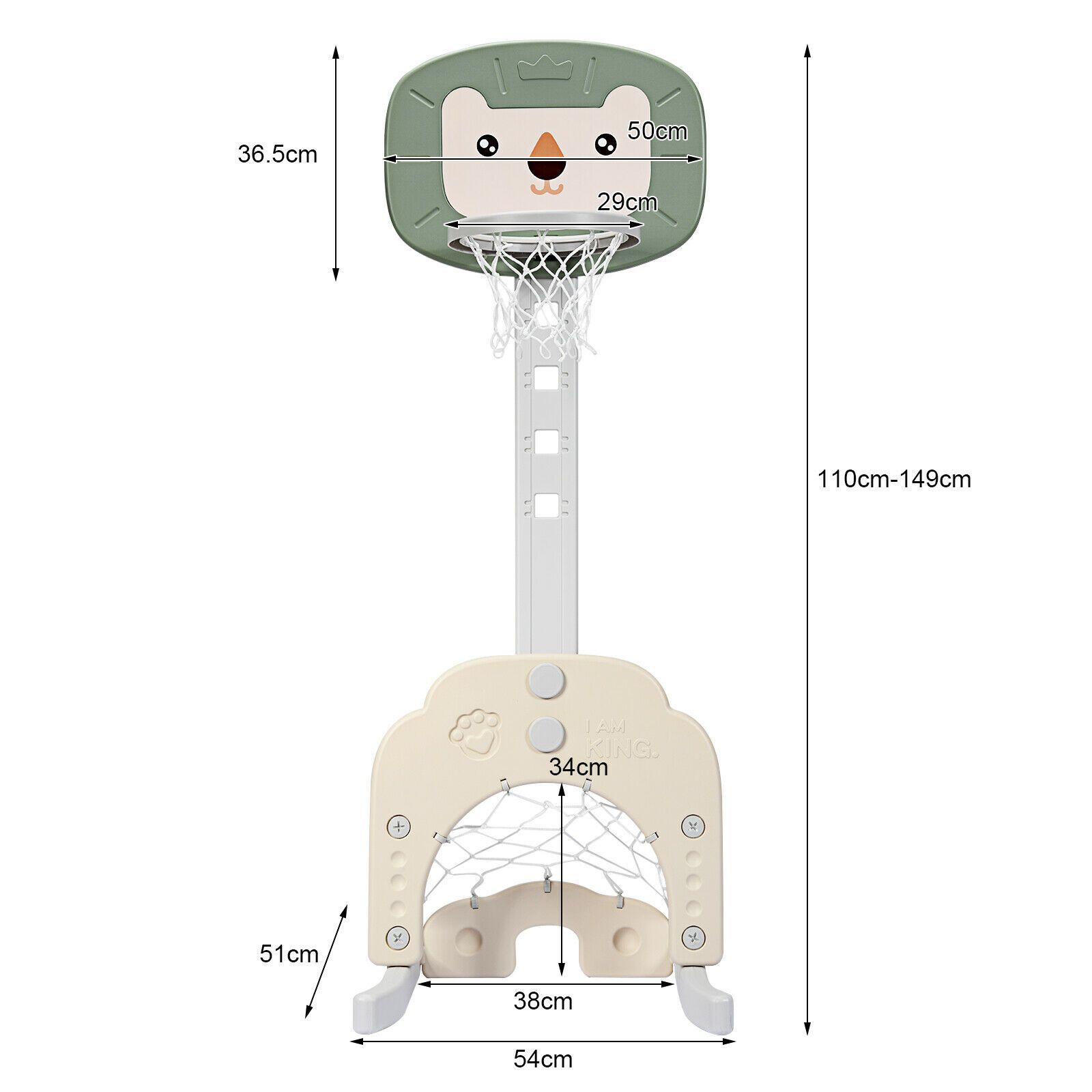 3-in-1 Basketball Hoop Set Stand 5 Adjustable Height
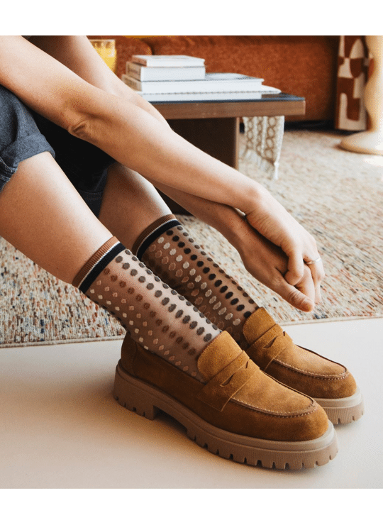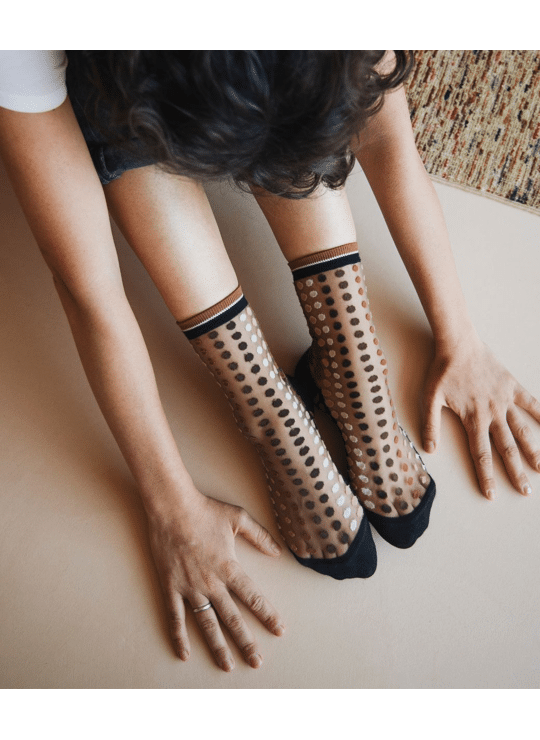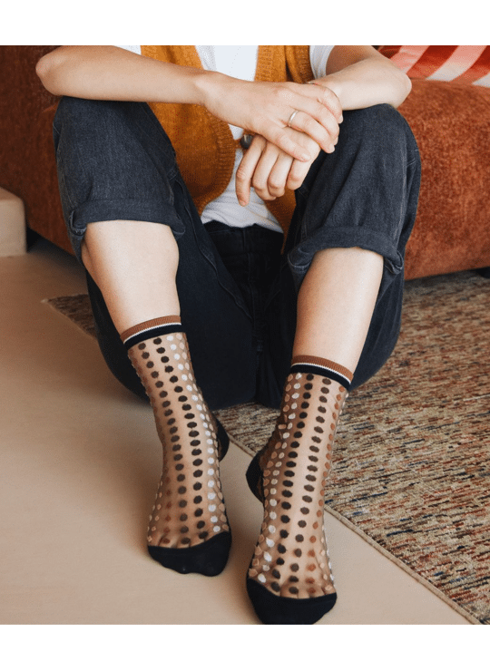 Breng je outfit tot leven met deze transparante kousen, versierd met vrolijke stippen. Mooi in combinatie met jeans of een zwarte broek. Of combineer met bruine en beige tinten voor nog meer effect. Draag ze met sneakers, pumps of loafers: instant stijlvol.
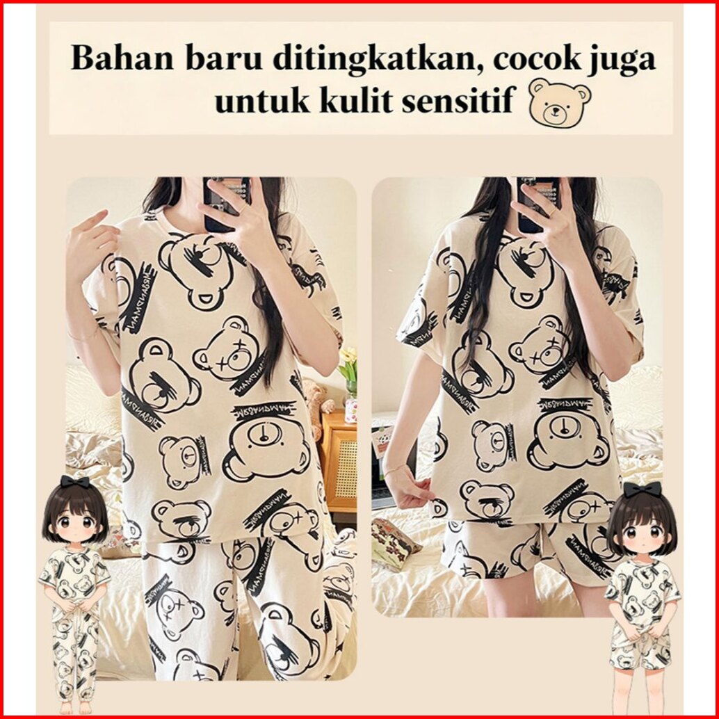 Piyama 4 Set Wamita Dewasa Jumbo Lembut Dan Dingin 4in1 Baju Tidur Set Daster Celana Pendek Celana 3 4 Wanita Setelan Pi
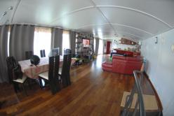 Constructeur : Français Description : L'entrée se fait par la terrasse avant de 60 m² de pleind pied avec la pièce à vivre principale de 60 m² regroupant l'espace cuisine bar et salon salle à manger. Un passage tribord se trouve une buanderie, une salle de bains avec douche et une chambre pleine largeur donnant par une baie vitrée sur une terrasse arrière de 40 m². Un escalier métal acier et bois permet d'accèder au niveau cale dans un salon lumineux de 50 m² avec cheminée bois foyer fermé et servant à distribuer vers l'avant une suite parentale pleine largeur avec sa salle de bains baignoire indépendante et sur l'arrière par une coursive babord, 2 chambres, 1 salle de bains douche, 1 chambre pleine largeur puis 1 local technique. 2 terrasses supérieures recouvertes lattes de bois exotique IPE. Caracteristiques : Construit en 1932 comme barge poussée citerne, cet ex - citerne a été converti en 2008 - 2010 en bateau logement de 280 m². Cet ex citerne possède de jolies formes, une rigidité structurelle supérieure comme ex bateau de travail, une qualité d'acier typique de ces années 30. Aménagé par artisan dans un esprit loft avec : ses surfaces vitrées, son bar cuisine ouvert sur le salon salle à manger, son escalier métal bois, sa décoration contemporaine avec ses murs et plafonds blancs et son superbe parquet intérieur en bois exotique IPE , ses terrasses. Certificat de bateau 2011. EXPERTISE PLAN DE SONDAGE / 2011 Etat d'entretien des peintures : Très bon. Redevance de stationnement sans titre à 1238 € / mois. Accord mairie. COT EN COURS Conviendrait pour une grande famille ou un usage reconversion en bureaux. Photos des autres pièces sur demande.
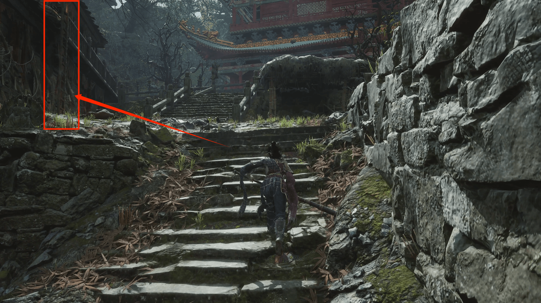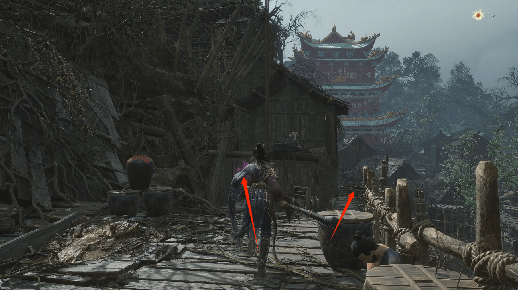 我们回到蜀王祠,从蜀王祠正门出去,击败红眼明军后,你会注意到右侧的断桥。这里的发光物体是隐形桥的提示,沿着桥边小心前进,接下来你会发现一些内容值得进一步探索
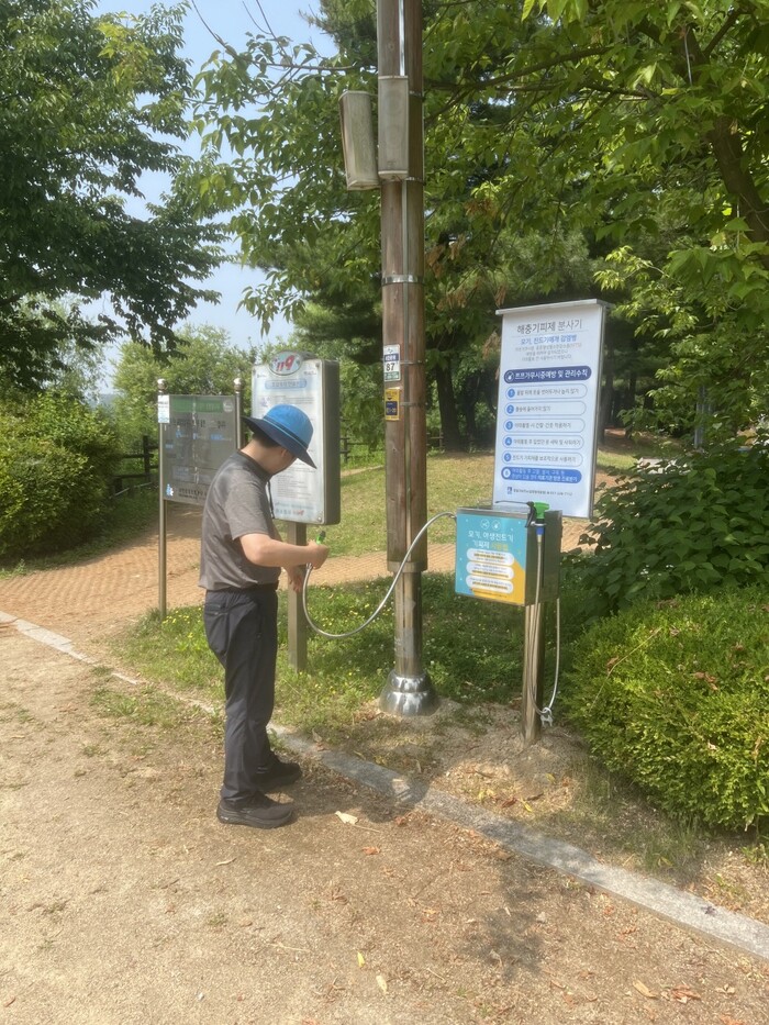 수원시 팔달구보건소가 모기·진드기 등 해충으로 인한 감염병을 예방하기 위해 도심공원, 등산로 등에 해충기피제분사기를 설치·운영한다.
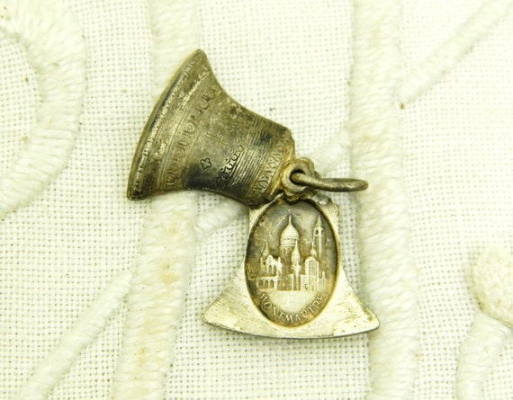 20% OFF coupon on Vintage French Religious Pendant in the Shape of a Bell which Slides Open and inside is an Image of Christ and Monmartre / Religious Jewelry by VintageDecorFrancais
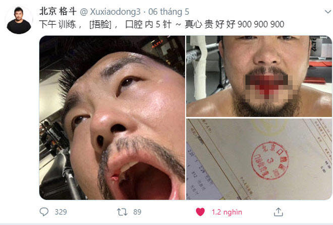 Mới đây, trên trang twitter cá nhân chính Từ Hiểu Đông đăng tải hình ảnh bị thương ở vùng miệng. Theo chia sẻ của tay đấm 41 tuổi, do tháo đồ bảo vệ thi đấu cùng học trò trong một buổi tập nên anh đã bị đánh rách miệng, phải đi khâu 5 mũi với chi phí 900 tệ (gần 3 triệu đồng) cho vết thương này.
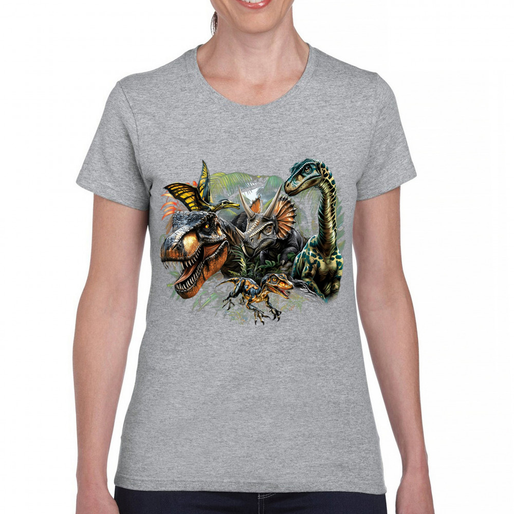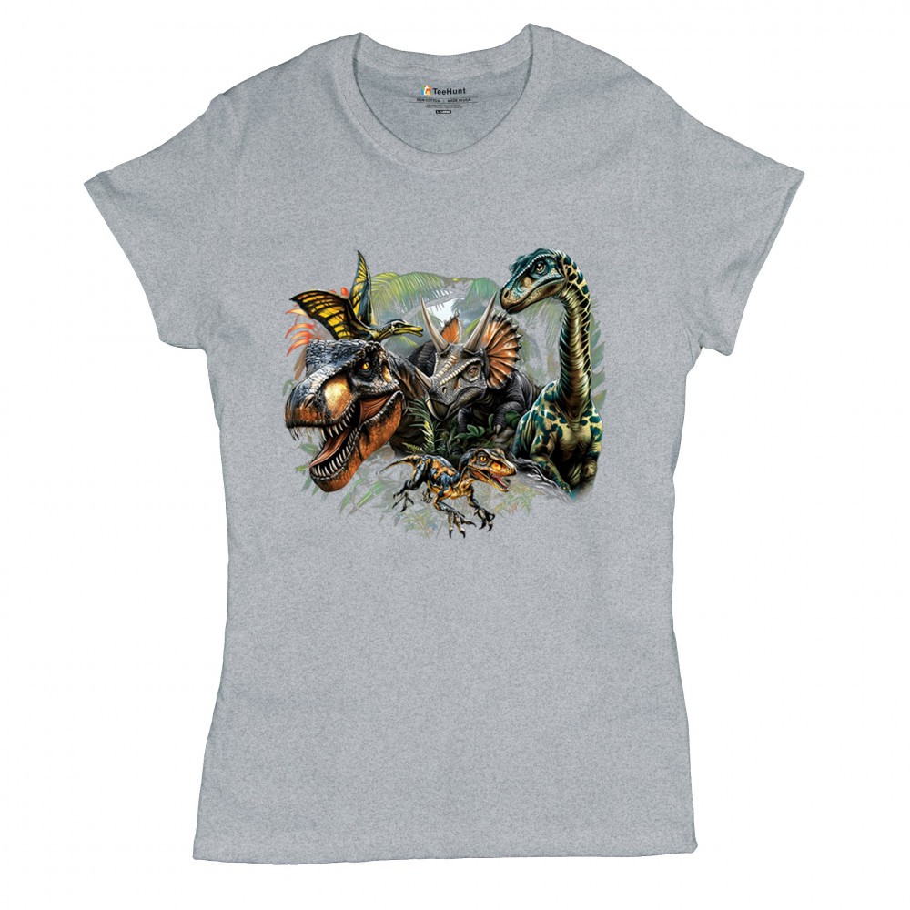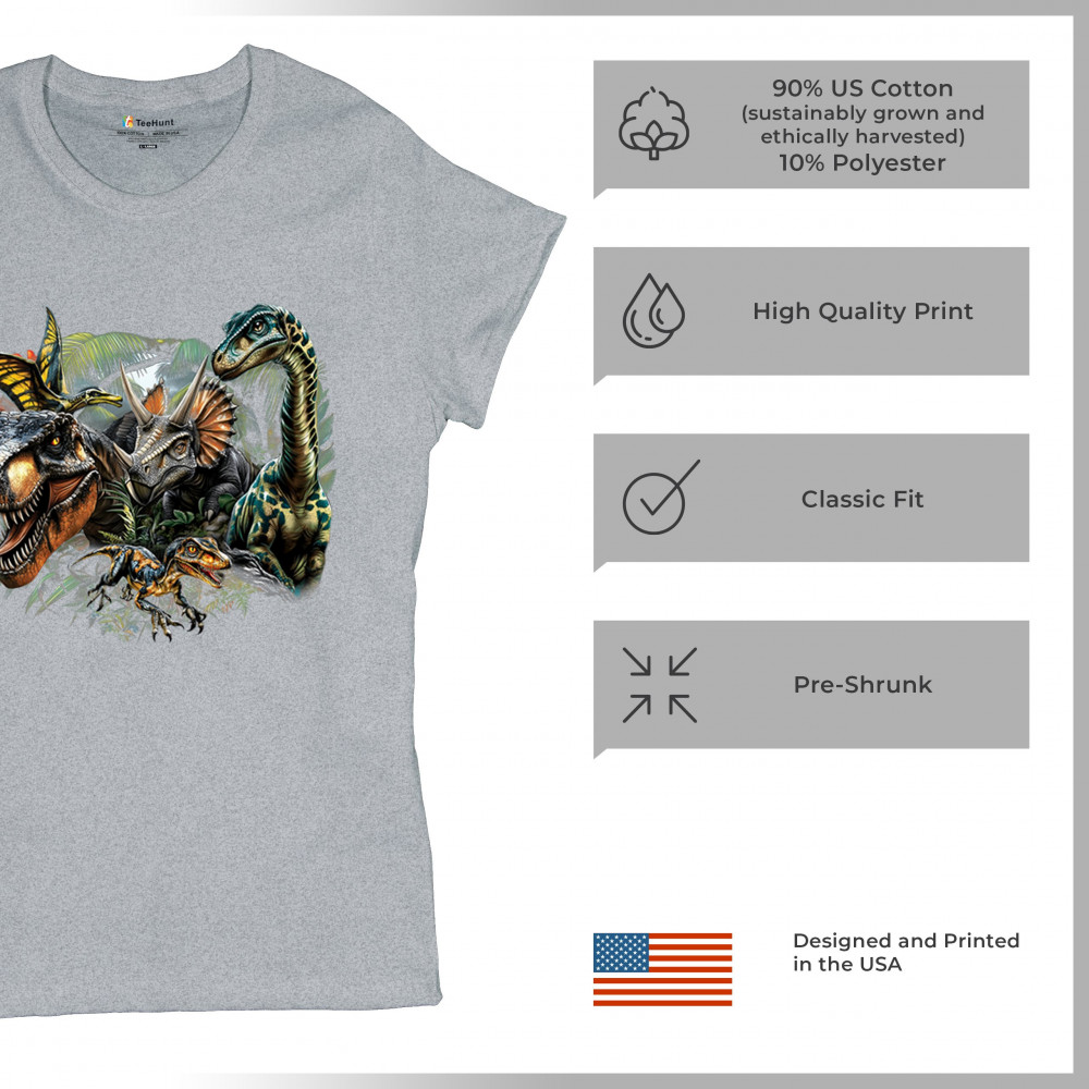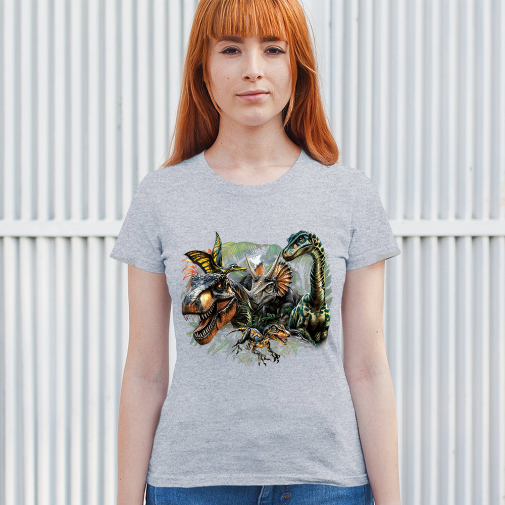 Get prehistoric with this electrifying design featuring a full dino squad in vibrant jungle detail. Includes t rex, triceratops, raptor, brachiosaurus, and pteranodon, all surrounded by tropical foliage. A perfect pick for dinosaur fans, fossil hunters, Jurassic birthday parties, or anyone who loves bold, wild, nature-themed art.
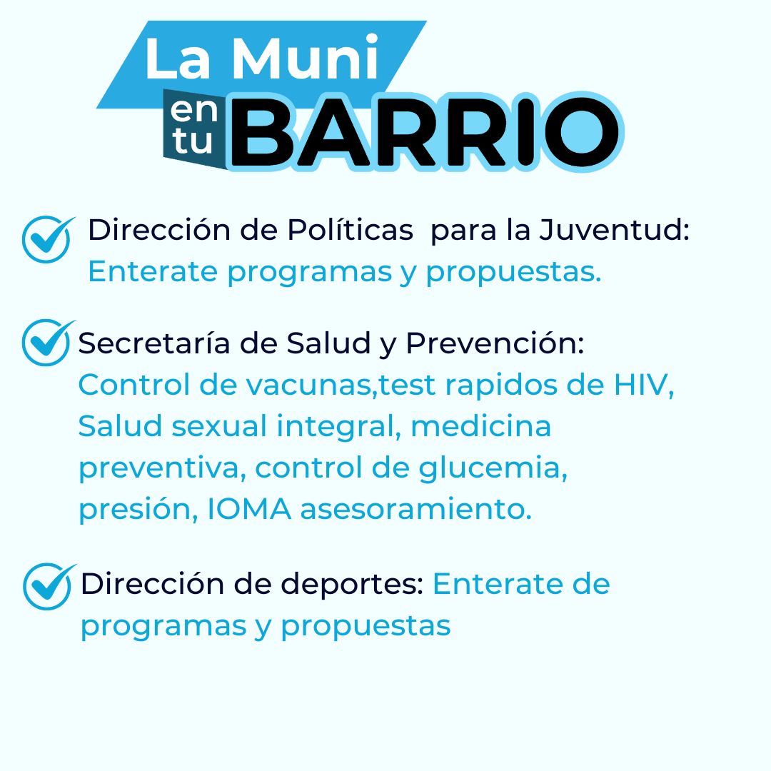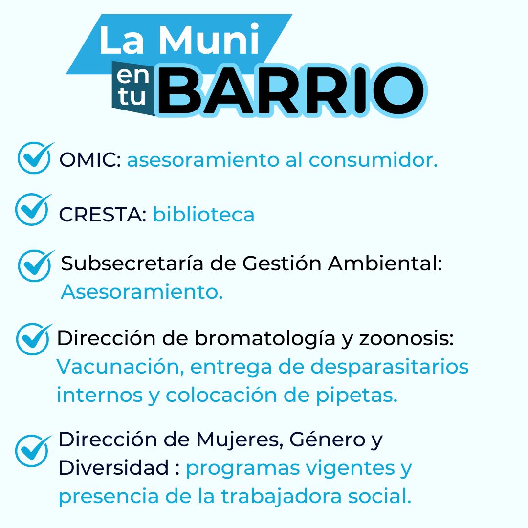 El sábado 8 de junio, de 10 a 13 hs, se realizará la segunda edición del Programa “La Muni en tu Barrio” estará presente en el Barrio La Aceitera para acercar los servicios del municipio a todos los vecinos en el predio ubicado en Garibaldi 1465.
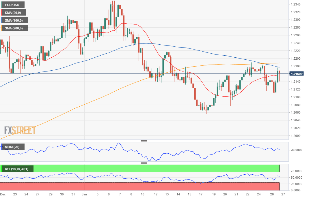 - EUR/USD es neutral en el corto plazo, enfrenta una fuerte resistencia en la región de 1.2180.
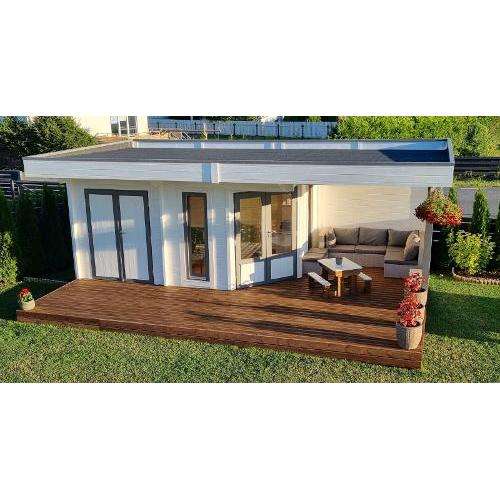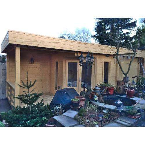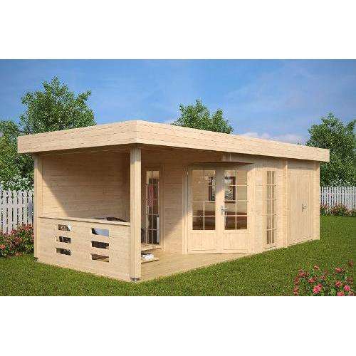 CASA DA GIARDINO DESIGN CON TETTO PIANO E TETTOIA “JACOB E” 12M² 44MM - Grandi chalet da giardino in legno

→ Work instructions: Pictures excluded, repeat the material above from its first line through the line containing "Piyama 4 Set", both included.

→ Output for this task:
 3-in-1 Basketball Hoop Set Stand 5 Adjustable Height
 Breng je outfit tot leven met deze transparante kousen, versierd met vrolijke stippen. Mooi in combinatie met jeans of een zwarte broek. Of combineer met bruine en beige tinten voor nog meer effect. Draag ze met sneakers, pumps of loafers: instant stijlvol.
 Piyama 4 Set Wamita Dewasa Jumbo Lembut Dan Dingin 4in1 Baju Tidur Set Daster Celana Pendek Celana 3 4 Wanita Setelan Pi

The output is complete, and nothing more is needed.